METHOD OF FALSI POSITION OR REGULA -FALSI METHOD
Prepared by – Mr. Ashok Kumar MCA II Sem

The bisection method guarantees that the iterative process will converge. It is however slow. Thus attempts have been made to speed up bisection method retaining its guaranteed convergence. A method of doing this is called the method of false position.
It is sometimes is known as method of linear interpolation.
This is the oldest method for finding the real root of a numerical equation and closely resembles the bisection methods.
In this method, we choose two points x0 and x1 such that f(x0) and f(x1) are of opposite signs.

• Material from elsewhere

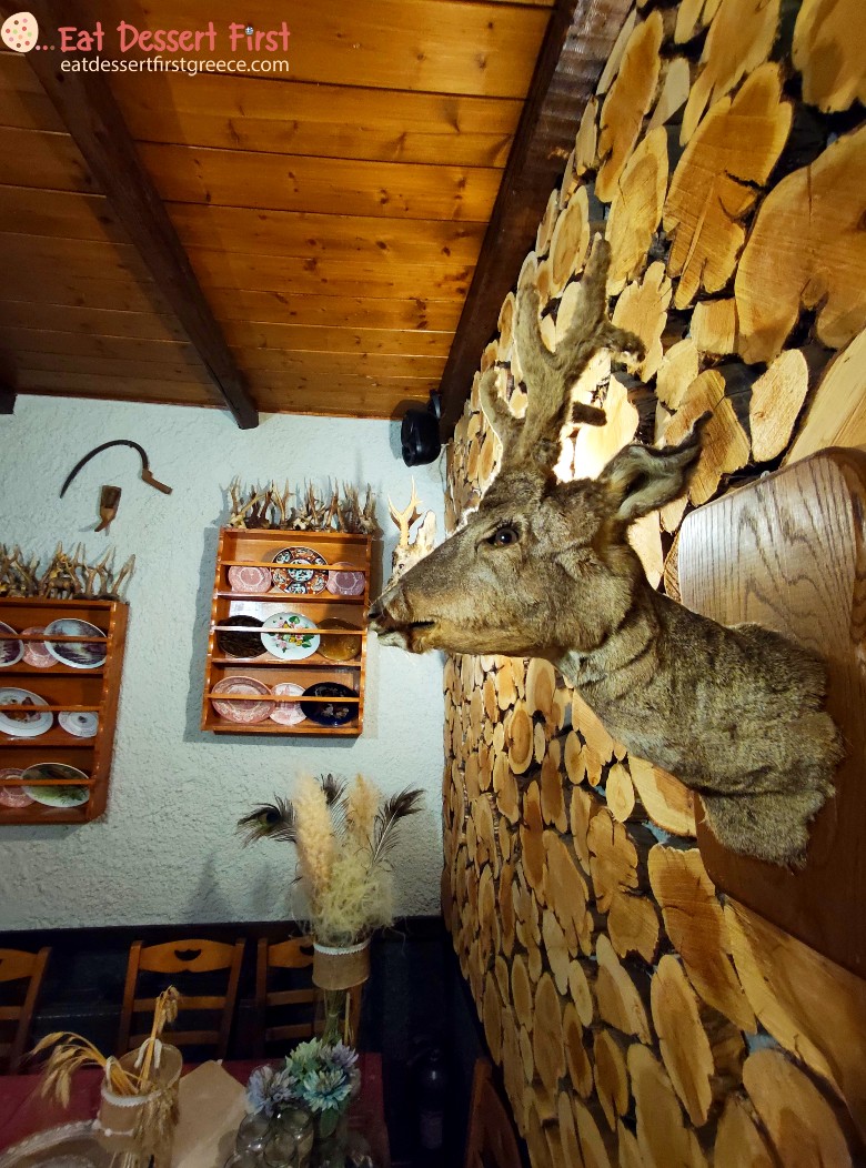Στην ταβέρνα μας υποδέχθηκε εγκάρδια η νεαρή ιδιοκτήτρια Άνθη Γιαννακοπούλου και μας έδειξε τους εσωτερικούς χώρους του μαγαζιού. Στη διακόσμηση κυριαρχεί το ξύλο και τα παραδοσιακά στοιχεία, τα οποία δημιουργούν μια αίσθηση ζεστασιάς, την οποία τον χειμώνα ενισχύει το μεγάλο τζάκι. Αλλά και έξω αυτή την εποχή είναι πραγματικά φανταστικά! Το μέρος είναι επίσης πολύ όμορφο για τη διοργάνωση του τραπεζιού ενός γάμου ή μιας βάφτισης, κάτι το οποίο συνηθίζουν να κάνουν.

Since the graph of y=f(x) crosses the X-axis between these two points, a root must lie in between these points.
Consequently, f(x0)f(x1)<0.
Equation of the chord joining points {x0,f(x0)} and {x1,f(x1)} is-----
Y- f(x0) = (f(x1)-f(x0))*(x-x0)/(x1-x0)
The abscissa of the point where chord cuts y=0 is given by
X2=x0 - ((x1-x0)*f(x0))/(f(x1)-f(x0))
Which is an approximation to the root.
If now f(x0) and f(x2) are of opposite signs, then the root lies between x0 and x2. So replacing x1 by x2, we obtain the next approximations x3.However the root could as well lie between x1 and x2 then we find x3 accordingly.
This procedure is repeated till the root is found to the desired accuracy.






















ALGORITHM
Step 1- Start of the program.
Step 2- Input the variables x0,x1,e,n for the task.
Step 3- f0=f(x0)
Step 4- f1=f(x1)
Step 5- for i=1 and repeat if i <=n.
Step 6- x2=(x0 f1-x1 f0)/(f1-f0)
Step 7- f2=x2.
Step 8- if|f2|<=e
Step 9- Print “convergent”,x2,f2
Step 10- if sign (f2)!=sign(f0)
Step 11- x1=x2 & f1=f2
Step 12- else
Step 13- x0=x2 & f0=f2
Step 14- End loop
Step 15- Print output
Step 16- End of the program.


FLOW CHART





COMPUTER PROGRAME
/*Program to find root of an equation by
REGULA-FALSI method


#include<stdio.h>
#include<conio.h>
float pow(float,int);
void main()
{
int n,i,j=0,z;
float f,f1,f2,x,y,m,a[10],p,p1,p2;
clrscr();
printf("Enter degree of the equation =");
scanf("%d",&n);
printf("\nEnter the interval of the equation ----\n");
scanf("%f%f",&x,&y);
printf("Enter value of a,b,c,d........\n");
for(i=n;i>=0;i--)
scanf("%f",&a[i]);
printf("Enter no. of ITERATIONs = ");
scanf("%d",&z);

while(j<z)
{
f1=0;
f2=0;
f=0;
for(i=n;i>=0;i--)
{
p=pow(x,i);
p1=pow(y,i);
f1=f1+a[i]*p;
f2=f2+a[i]*p1;
m=y-(y-x)*f2/(f2-f1);
p2=pow(m,i);
f=f+a[i]*p2;
}
if(f1*f<0)
{
y=m;
m=y-(y-x)*f2/(f2-f1);
}
else if(f2*f<0)
{
x=m;
m=y-(y-x)*f2/(f2-f1);
}
else
{printf("\nSolution not possible.");
goto l;}
j++;
}
printf("\n\nThe root of equation is ==%f",m);
l :
getch();
}

//..............................power() .....................

float pow(float a,int b)
{
int i,j;
float p=1;
for(i=b;i>0;i--)
p=p*a;
return p;
}